This is particularly so given the real and accurate manner in which loss of wages
can be calculated. It is inconsistent that a person could pursue an unfair dismissal
action through the courts and receive an award for compensation but cannot be
the subject of a recommendation for compensation from the body vested with the
power to inquire into the alleged act or practice of discrimination.
Furthermore,
the fact that the recommendation for financial compensation is not enforceable
has not deterred respondents from settling complaints under HREOCA - in particular
complaints of discrimination in employment. A respondent will be less inclined
to settle a complaint if the Commission does not have the power to recommend financial
compensation. Moreover, the cases in which the Commission has made such recommendations
provide a useful guidance as to the amounts which could be sought or offered in
conciliation.
4.2 Delegation
of President's powers
The
AHRC Bill removes the President's ability to delegate her inquiry powers under
section 11(1)(f) and 31(b) of HREOCA in relation to complaints of breaches of
human rights or discrimination in employment to the Human Rights Commissioner.
[61]
It
has consistently been the Commission's position that the President should be empowered
to delegate these powers to any member of the Commission. The President should
be allowed to utilise fully the expertise brought to the Commission by the Commissioners.
The
Commission, therefore, opposes this amendment and recommends that an amendment
be made that would permit the President to delegate her powers under section 11(1)(f)

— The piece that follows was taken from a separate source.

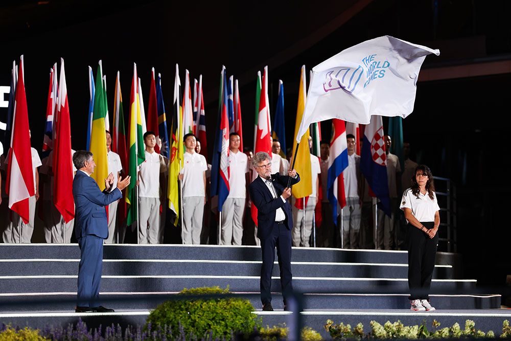 国际世界运动会协会会旗交接仪式。(图片来源:新华社)
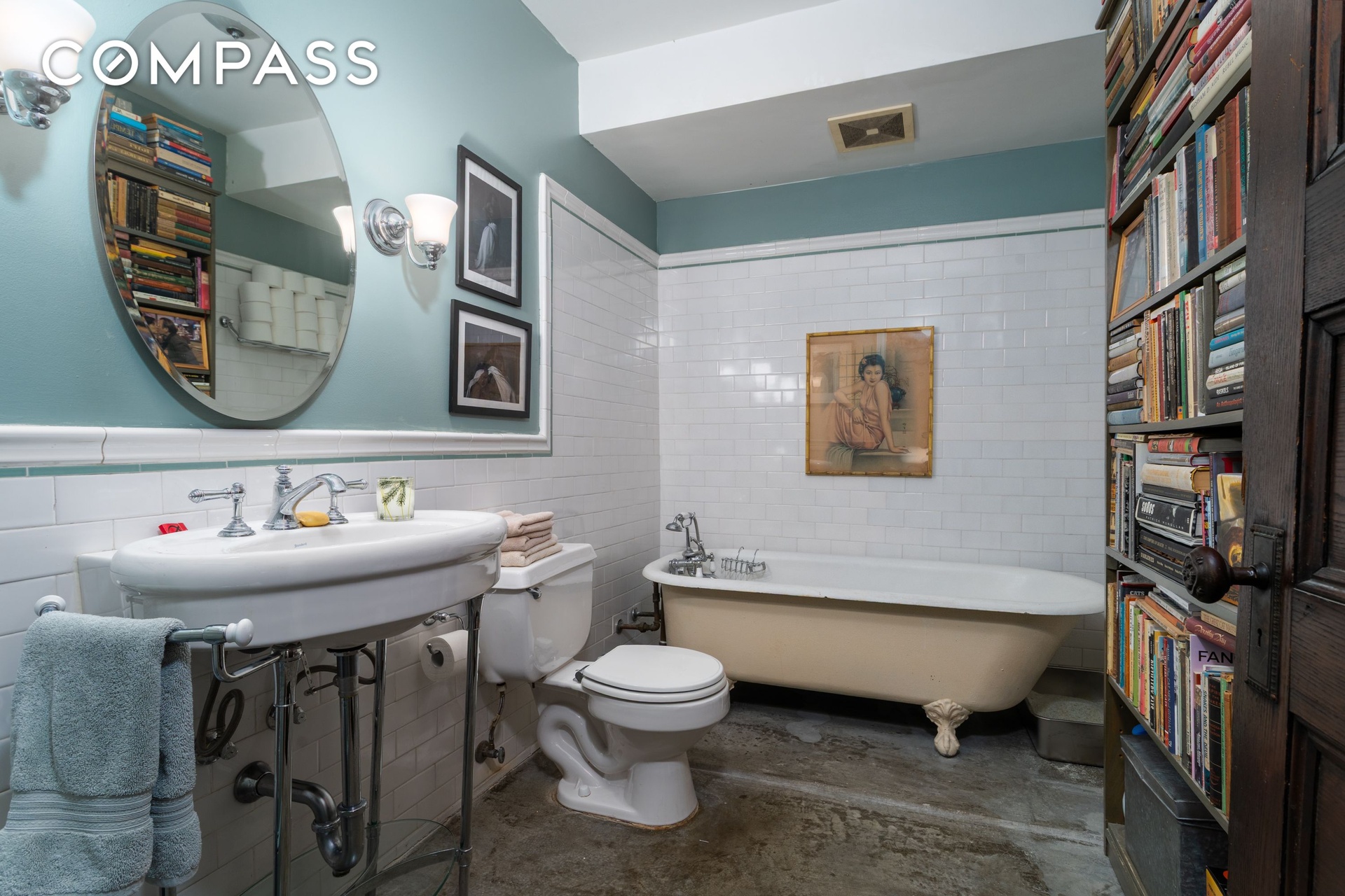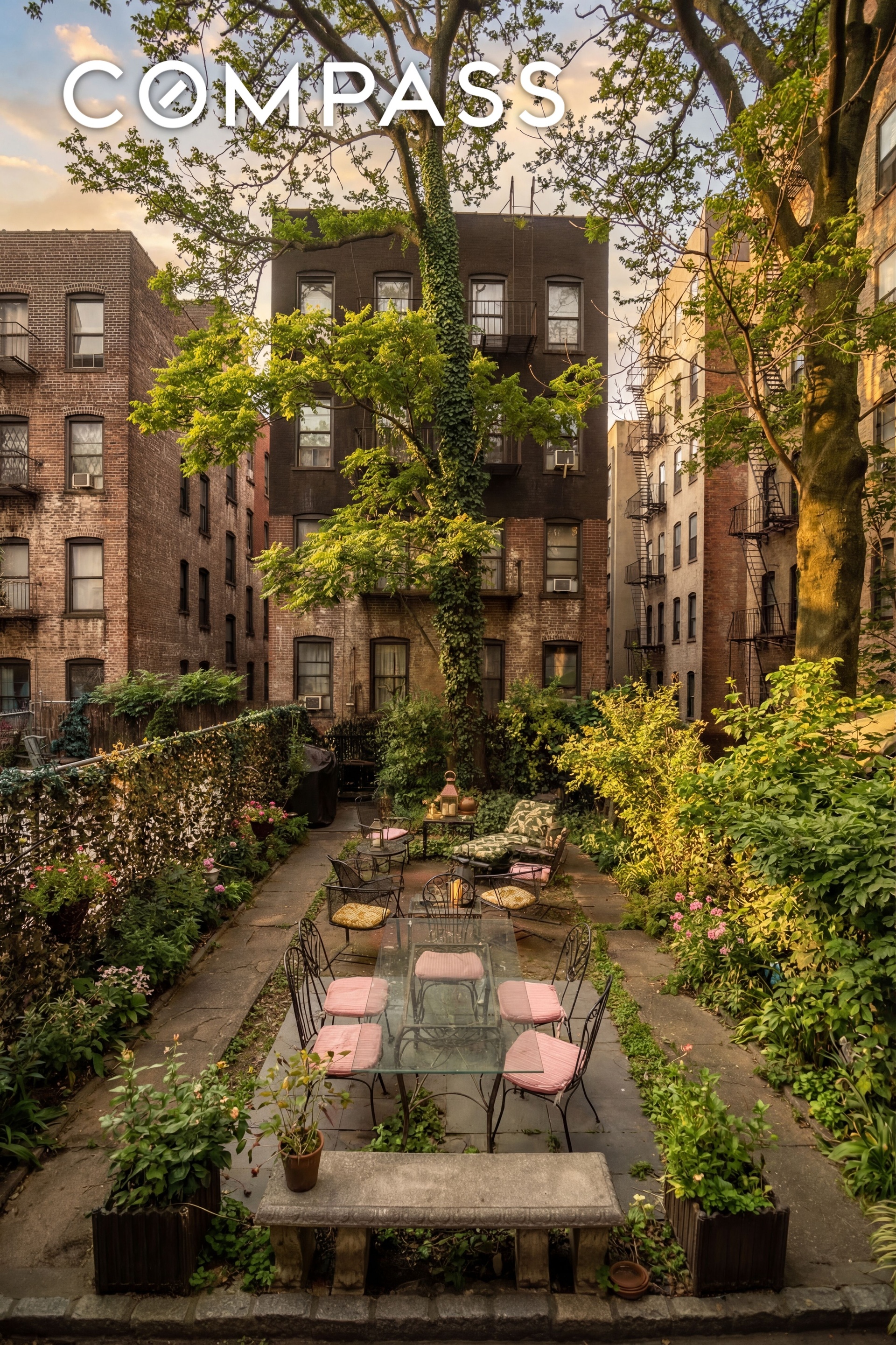 The garden room overlooks a 900 square foot garden, viewed through a large window, enjoy easy garden access through a new metal and glass door with a security gate, screens, and a seasonal storm window. The perfect, Victorian "Lady's Specimen Garden" has been lovingly gardened by the owner so that it blooms each year with little coaxing or expense each spring. The garden has a newly graded slate patio with a drain. The garden's tree canopy has been pruned and lifted, allowing more light. Awaken mornings to the rare sound of songbirds in Manhattan and sit in your own private garden listening every Sunday afternoon to Sugarhill's own living treasure, Marjorie Elliot's "Parlor Jazz" in private.

and 31(b) to any other member of the Commission.
4.3
Complaints Commissioners
The
Attorney would have power to appoint persons as part-time "Complaints Commissioners".
[62] Those persons must be "legally qualified" (defined
to mean they are or have been a judge or are enrolled as a legal practitioner).
The
Commission's President would then be able to delegate to those persons the power
to conduct inquiries into complaints of human breaches and discrimination in employment
under sections 11(1)(f) and 31(b) as well as inquires into complaints of unlawful
sex, race or disability discrimination under section 46PD of HREOCA. [63]
The rationale
for this amendment is that it provides an option for the managing of complaint
handling workloads. [64] This is unnecessary as there is currently
no issue with the President's complaint handling workload nor are there any undue
delays in the processing of complaints. If any assistance is required with the
President's workload then the President has under HREOCA [65]
(and retains under the AHRC Bill) the power to delegate her powers not only to
a member of staff of the Commission but also to a person outside the Commission.
The President can therefore already delegate her inquiry powers to an external
person (such as a retired judge or member of the legal profession) if their expertise
is required or to reduce any workload issues. This current system is working well
and there is no backlog in relation to the processing of complaints and all obligations
under the Commission's Service Charter are being met.
The
Commission is of the view that this amendment does not assist in any way the efficient
operation of the Commission or the exercise of the President's inquiry powers.
Its impact is to detract from the "collegiality" and cohesiveness of
the members of the Commission [66] by introducing a further
layer of appointees into the structure of the Commission. The amendment also challenges
the ability of the President to manage the administrative affairs of the Commission
[67] by appointing persons over whom the President will have
no control in areas that are essential to effective and efficient complaint handling,
such as the meeting of timeframes and deadlines and consistent decision making.
4.4 "Re-focussing"
Each
of the pieces of legislation implemented by the Commission provide a set of functions
to be carried out by the Commission. [68] These functions are
to be re-ordered such that the educational/research functions appear first. [69]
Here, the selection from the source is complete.